About Lesson
Using Teachable Machine Models in Scratch
Apps used:
- Scratch mod with AI extensions – https://playground.raise.mit.edu/create/
2. Teachable Machine – https://teachablemachine.withgoogle.com/
Introduction
Once you’ve trained a machine learning model using Teachable Machine, it’s time to bring it to life in practical applications. This article explains how to integrate your model into Scratch, turning it into a computer vision controller for games and multimedia projects.
Setting Up Scratch for AI Integration
Step 1: Access the Modified Scratch Version
- Visit Playground Raise, a modified Scratch platform with AI extensions.
- Add the Teachable Machine extension to enable ML model integration.
Step 2: Import Your Model
- Use the Teachable Machine block to paste the model’s URL, generated during the training process.
- Confirm that the model is active by checking the green light indicator.

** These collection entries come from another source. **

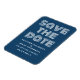 Imã salve a data retrorativa em azul e branco com uma design de tipografia moderna funky. Esta tendência e imã salve a data de na moda é fácil de personalizar com seus detalhes de casamento. Para obter mais opções de personalização, clique no botão Personalizar Ti.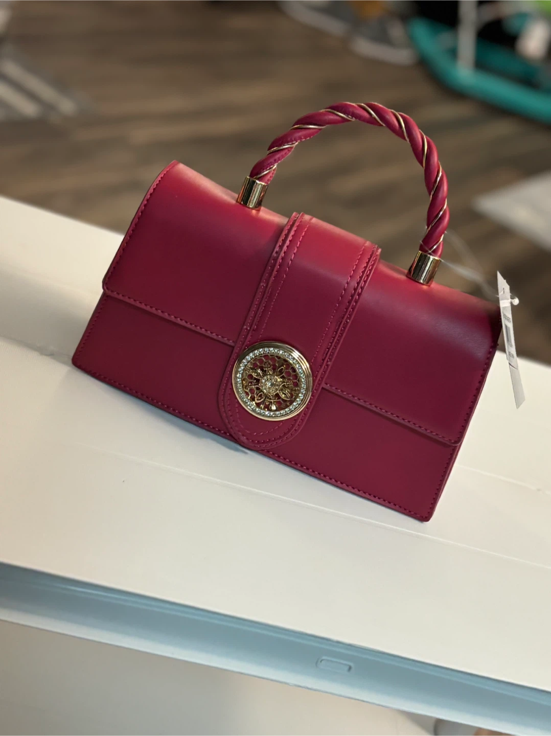 This women's handbag features a stylish twisted rope handle and a decorative gold-tone clasp. It's made of faux leather and comes in a vibrant magenta. This bag's compact size makes it perfect for essentials.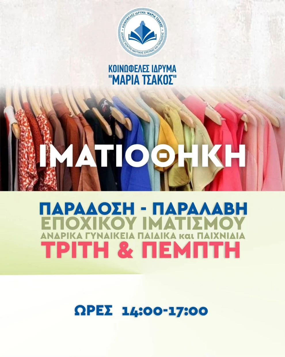 Ταυτόχρονα έχει απευθύνει κάλεσμα σε όσους μπορούν και θέλουν να προσφέρουν ρούχα και παιχνίδια να επικοινωνήσουν με τα γραφεία του Ιδρύματος κάθε Τρίτη και Πέμπτη από τις δυο το μεσημέρι μέχρι και τις πέντε το απόγευμα.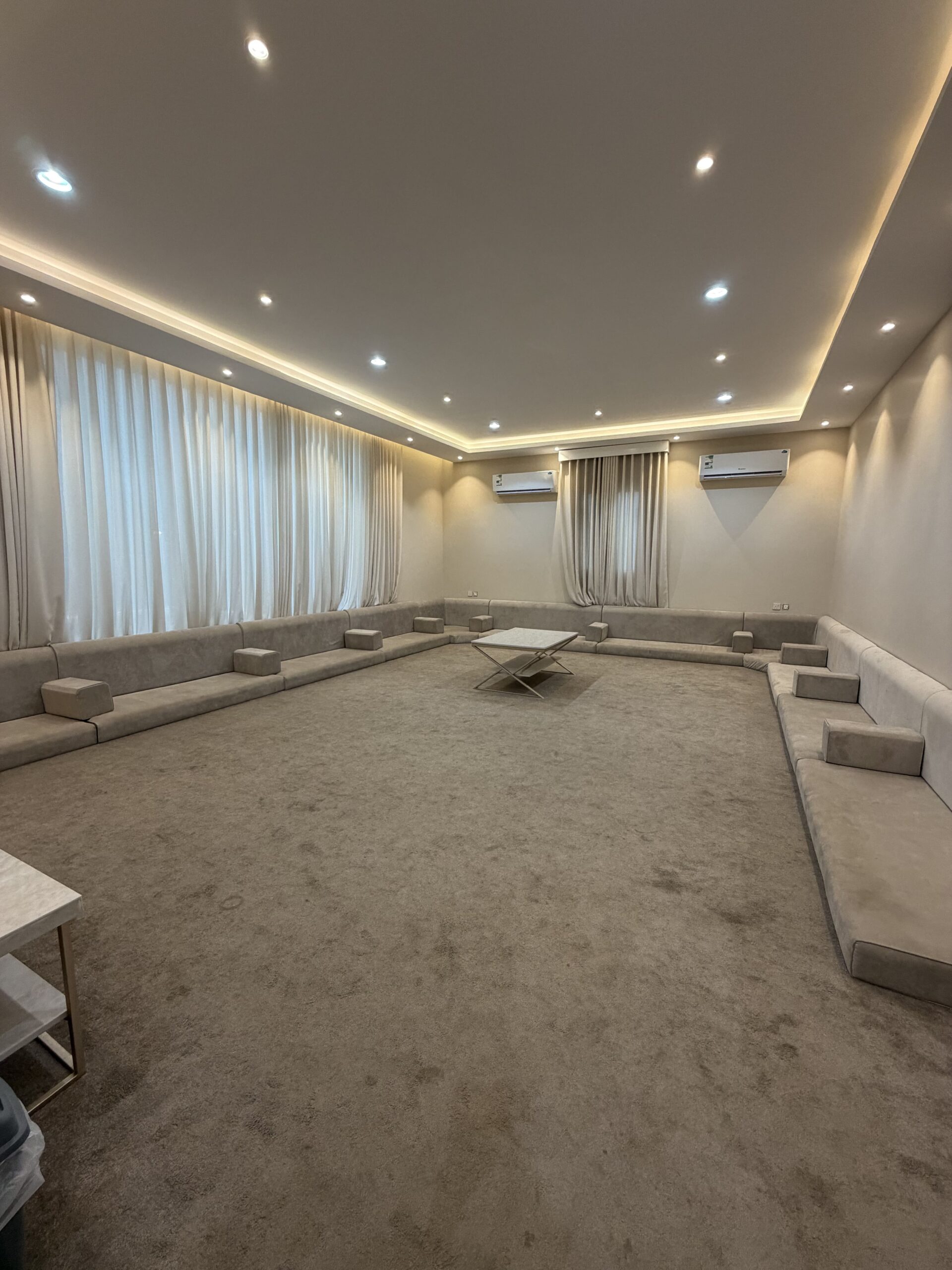 - مجلس جلسة عربية (8*6م) يتسع لـ 30 شخص - واجهات زجاجية مطله على الشاليه - TV

Building an Interactive Application
Example: Sprite Movement
- Connect the Model Prediction Block:
- Use the
forever
loop to display the model’s predictions (e.g., “Left,” “Right,” “Nothing”) through thesay
block.
- Use the
- Add Motion:
- Create conditions for movement:
- If the prediction is “Left,” move the Sprite left.
- If the prediction is “Right,” move it right.
- If “Nothing,” reset its position.
- Create conditions for movement:
Extending Your Project
- Create Games: Use gestures to control falling object games, car driving simulations, or other creative applications.
- Enhance Conditions: Add more gestures or refine the logic for smoother interactions.
Benefits of Using Teachable Machine with Scratch
- Interactive Learning: Combines coding, machine learning, and creative thinking.
- Ease of Use: Simplifies complex AI concepts for students of all levels.
- Limitless Possibilities: Encourages experimentation with multimedia projects.
Conclusion
By integrating Teachable Machine models into Scratch, students and educators can explore endless possibilities for creating interactive, AI-powered projects. This hands-on approach bridges the gap between AI theory and practical application, sparking creativity and innovation.